Note that even with this argument, the manual is careful not to guarantee uniqueness, but as with manual usage rand()

, it adds an additional source of randomness that makes collisions much more unlikely.

To confirm, we can look at the source code for the function , where we can see that the unset output more_entropy

is really just a hexadecimal representation of the current microsecond timestamp. Interesting note:

#if HAVE_USLEEP && !defined(PHP_WIN32)
    if (!more_entropy) {
#if defined(__CYGWIN__)
        php_error_docref(NULL, E_WARNING, "You must use 'more entropy' under CYGWIN");


So, if you're not on Windows, the function will try to sleep for a microsecond to force other values ​​to differ.

This makes it the wrong idea to run uniqid()
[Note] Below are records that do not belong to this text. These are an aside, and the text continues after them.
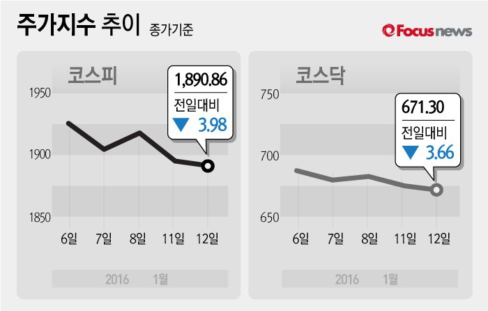 (서울=포커스뉴스) 12일 코스피지수는 전날 보다 0.21%(3.98포인트) 하락한 1890.86에 장을 마쳤다. 코스닥지수는 전일 대비 0.54%(3.66포인트) 내린 671.30에 마감했다.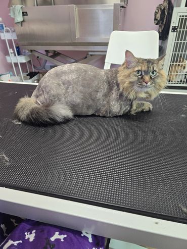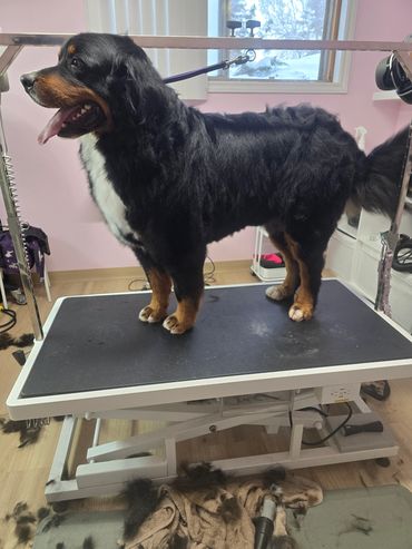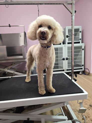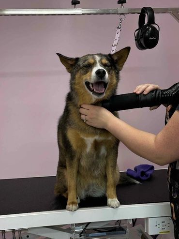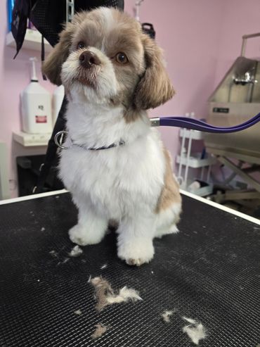 Includes bath with high quality shampoo + conditioner, blow dry, brush out, paw pad shaving, nail clipping and dremmeling (if tolerated), ear cleaning and haircut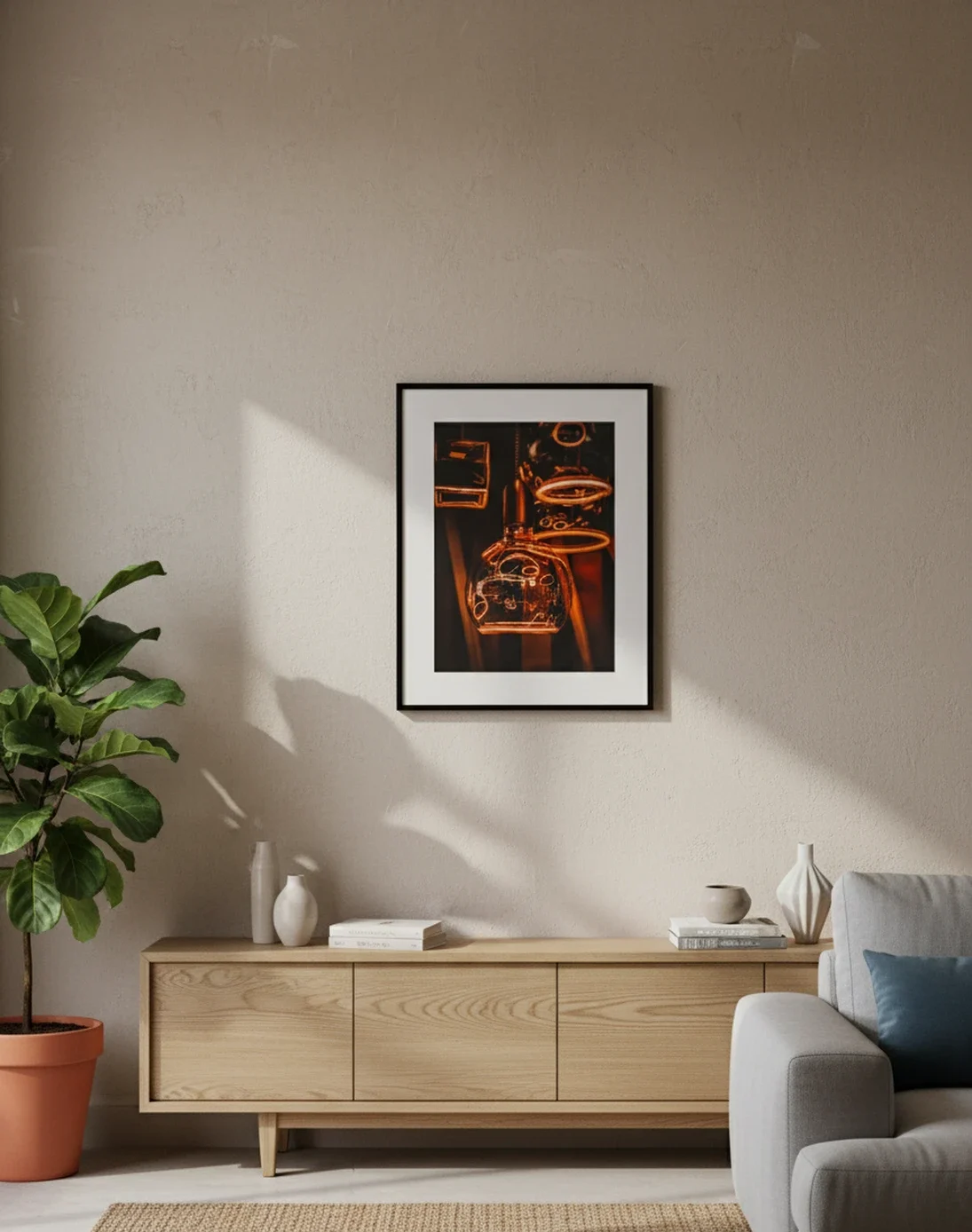 Pilt printitakse Fujitsu fotopaberile (valikus läikiv või matt), mis hoiab selle oranži tooni puhta ja detaili teravana.

many times in a row, because if it does, it will do it slowly. (It takes either a microsecond of sleep or a call to the random number generator.)

Your best bet is to use it once to create an arbitrary prefix, and then just increment the counter for each element, which might look something like this:

$id_prefix = uniqid();
$id_suffix = 0;
$out = preg_replace_callback(
        function ($matches) use ($id_prefix, &$id_suffix) {
            $id = $id_prefix . $id_suffix;
            $id_suffix ++;
            return $matches[1] . '... some html ...' . $id . ' ... ';




From uniqid () documentation

Warning This function does not generate random or unpredictable strings. This feature should not be used for security reasons. Use cryptographically secure random function / generator and cryptographically secure hash functions to generate unpredictable secure identifiers.
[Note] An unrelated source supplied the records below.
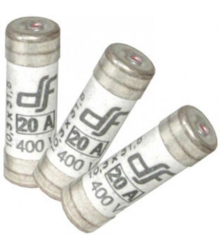 DEBFLEX Lot de 3 Fusibles 10.3x31.5 20 A - 3 fusibles céramique avec voyant 10,3x31,5 mm - Intensité : 20 A - Tension : 400 V - Les fusibles a voyant permettent d'identifier tout de suite le circuit en cause ou sur lequel s'est produite une anomalie - Une petite pastille rouge se ... ...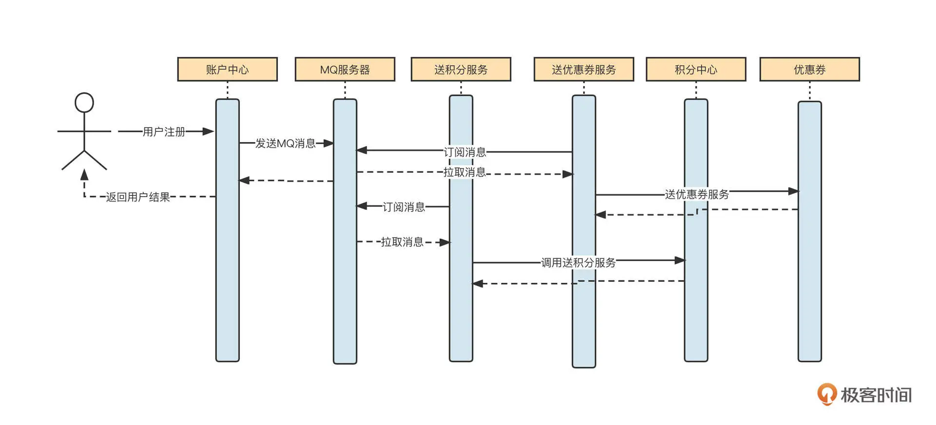 账户中心完成用户注册相关逻辑后,会向 MQ 发送一条消息到 MQ 服务器,然后就直接给用户返回“注册成功”。赠送优惠券、积分等与活动相关的需求我们可以异步执行,这样,无论后续互动逻辑发生什么变化,账户中心都不需要发布新版本。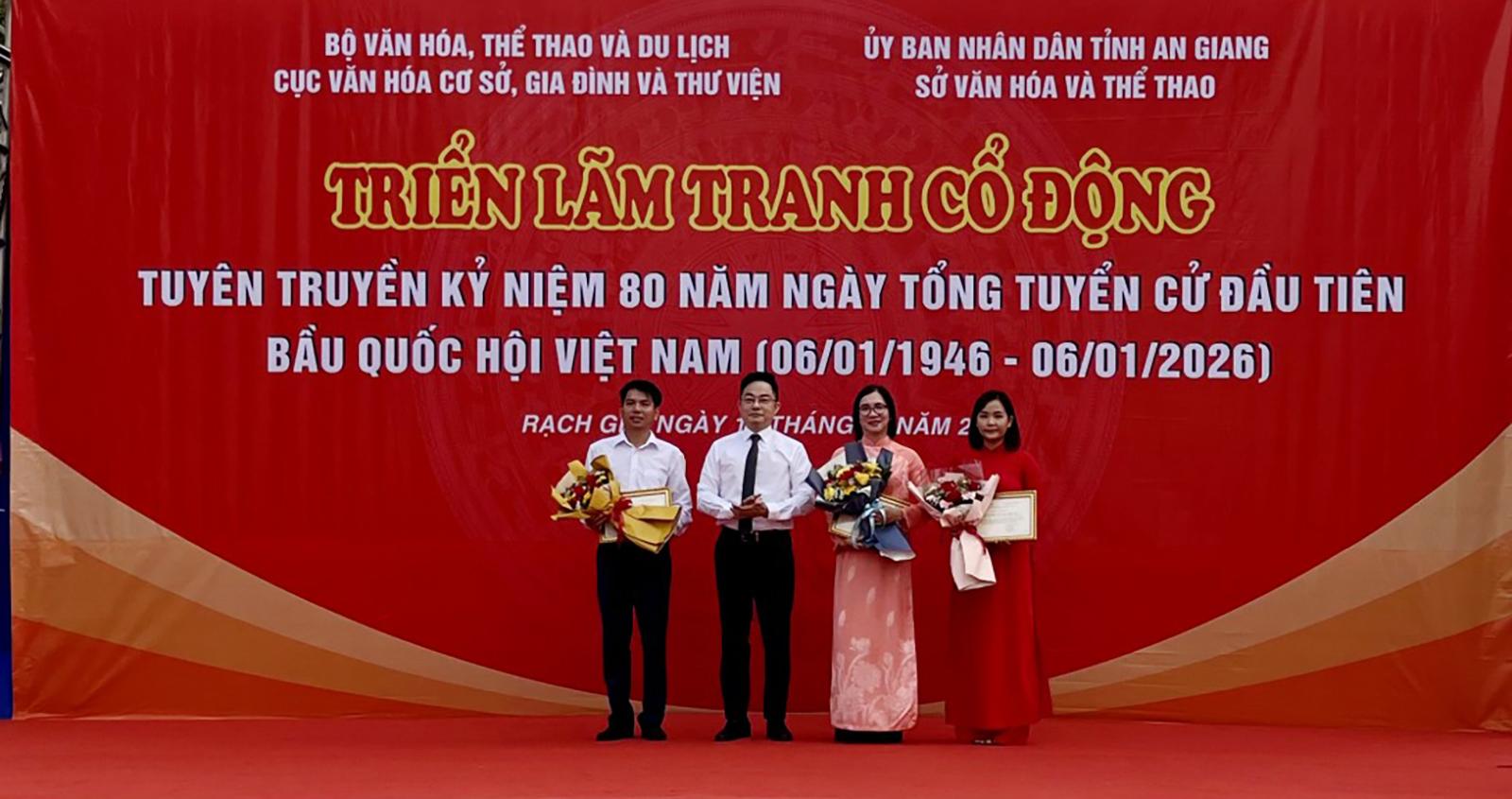 Phó Cục trưởng Cục Văn hóa cơ sở, Gia đình và Thư viện Nguyễn Quốc Huy tặng giấy khen cho tập thể Phòng Thông tin cổ động và Điện ảnh cùng các cá nhân có thành tích trong công tác phối hợp triển lãm.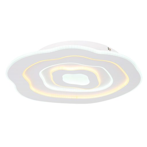 Fehér színű fém mennyezeti lámpa opálos acryl betétes búrával, beépített kevert, meleg és hideg (3000K+6500K) fehér színhőmérsékletű LED fényforrással.
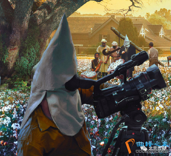 这幅题为——Blood Cotton Initiative (血腥棉花发展计划)的画里,描绘的了一群用白色尖帽蒙脸的记者和警察,在棉花地围着一个稻草人进行采访,而他们身后是正在辛苦采棉的黑奴们。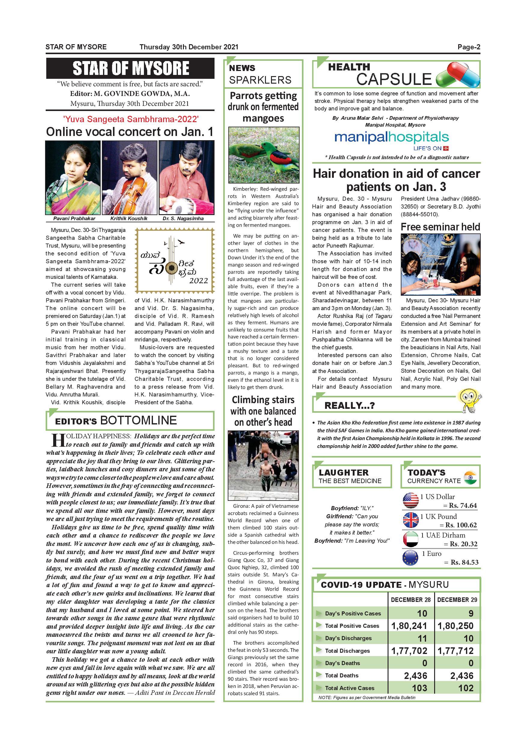 Star of Mysore Page: 2 December 30, 2021 << First << 2 >> Last >> Page 1Page 2Page 3Page 4Page 5Page 6Page 7Page 8Page 9Page 10Page 11Page 12 × Star of Mysore << First << 2 >> Last >> SOM-page-001SOM-page-002SOM-page-003SOM-page-004SOM-page-005SOM-page-006SOM-page-007SOM-page-008SOM-page-009SOM-page-010SOM-page-011SOM-page-012 SOM-page-002
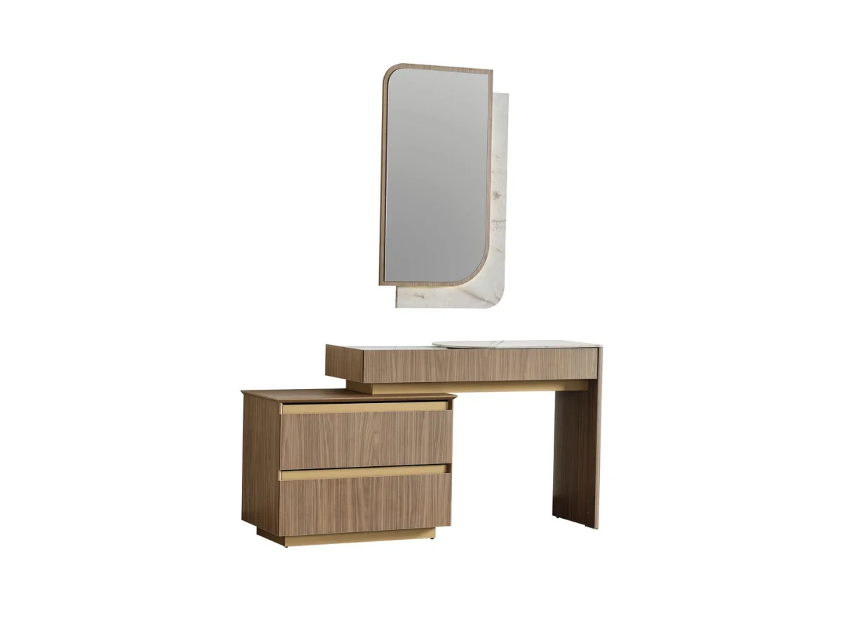 Madrid takımının tuvalet masası, kişisel bakım rutininizi keyifli hale getirir. Geniş masası üzerinde kozmetik ürünlerinizi rahatça kullanabilir, büyük aynası sayesinde her açıdan kendinizi görebilirsiniz. Altındaki çekmeceler, makyaj malzemeleriniz ve aksesuar koleksiyonunuz için özel bölümler sunar. Beyaz pufu ile birlikte tam bir güzellik köşesi oluşturur.

If the OS the script is running on does not provide a very good clock resolution, then uniqid () may return the same value multiple times in a row.

You could also use $id = uniqid(rand(10000,99999))

or to further increase the chances of accidents: $id = uniqid(rand(10000,99999), true)


Anyway, the takeaway is that the name is misleading as it doesn't guarantee that you will get unique values ​​every time the function is called.